Reputation: 71
I'm trying to figure out how to find certain words in a file that start with the letters air
and end with the letters ne
. I'd like to print the words that it matches with into a new file called "excluded". I'm very new to this environment of command lines so i'm a bit lost. I've read the manual and cannot find a solution.
I was thinking something along the lines of
grep "air" | "ne" textfile.txt
but obviously it's not working out.
edit: I think I can use the ^
and $
operators to find letters at the beginning and end of a word, however i'm unsure as to how to make it one command so I can simply paste the output into a new file.
Upvotes: 6
Views: 20518
Reputation: 161
grep -o '\bair[^[:space:]]*ne\b' textfile | sort | uniq > excluded
From the man page, the -o flag "Print only the matched (non-empty) parts of a matching line, with each such part on a separate output line."
The pattern is composed as follow: match a word edge (\b) then the string 'air' then something that is not a space, multiple times then the string 'ne' then the other word edge
Then we sort so we can uniq (could use sort -u)
The idea is that a word is a word edge followed by multiple non space characters followed by another word edge.

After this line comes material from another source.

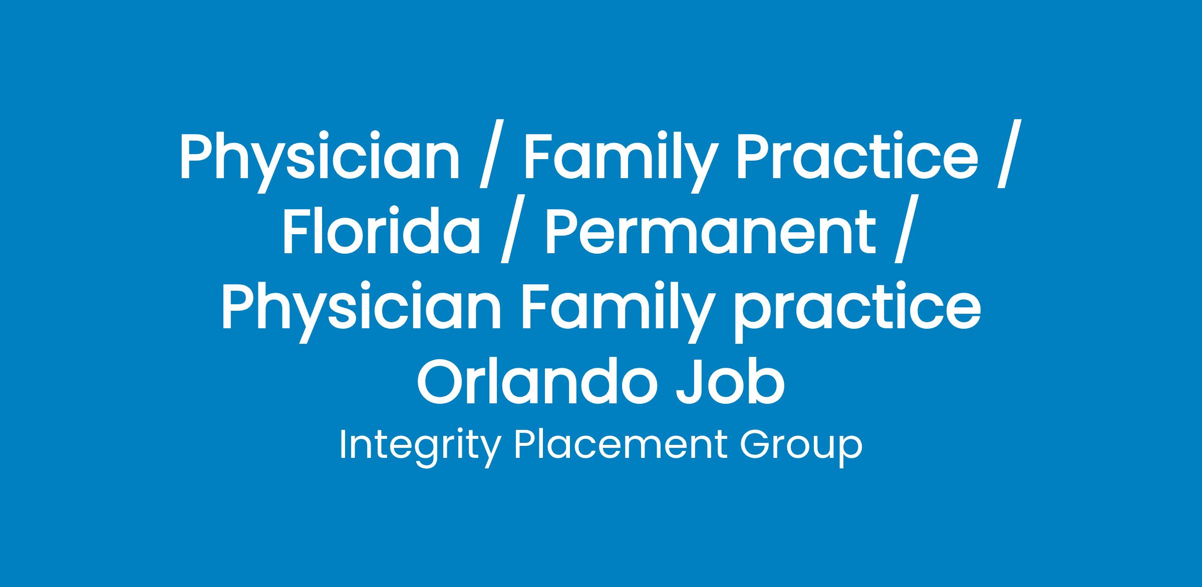 Family Practice PhysicianOur Client is a growing healthcare organization based in Orlando, FL that offers its employees full benefits, work/life balance.The Company: Our Client is a growing health care organization providing affordable quality primary and behavioral health care services to the residents of rapidly growing Orlando Florida area.The Position: Our Client is looking for a Bilingual Family Physician to join their growing team. Our Client is offering:Salary $170,000 - $200,000 based upon experience20 days PTO9 paid holidaysHealth-100% from day oneVision/DentalLTD & STDLife Insurance 1 X annual salaryCME $2500 and 4 days401k - 4% match after 1 yearStudent loan repayment NHIS $50,000 with a 2 year contractMalpractice covered per occurrenceResponsibilities:40-hour work weekFlexible schedulingFull support staff18 -22 patients per dayRequirements:Current Active Florida LicenseSpanish & English mandatoryClean recordPlease applyor send resume to

This is not perfect because it matches characters that are usually not parts of words like "airfoo_ne", "air.barne", etc, but you can improve it once you get the idea.
Upvotes: 2
Reputation: 76
In order to print the words into a new file, you'll want to use the ">" operator to send the output of grep into a file, so the command would be:
grep '^air.*ne$' textfile.txt > excluded.txt
or, if you prefer to use pipes, something along the lines of:
cat textfile.txt | grep '^air.*ne$' > excluded.txt
would also work. Of course, this assumes that you're in the folder containing textfile.txt.
For test data
airkinglyne\nairlamne\nhelloworld\nairfatne
the output is:
airkinglyne\nairlamne\nairfatne
Upvotes: 5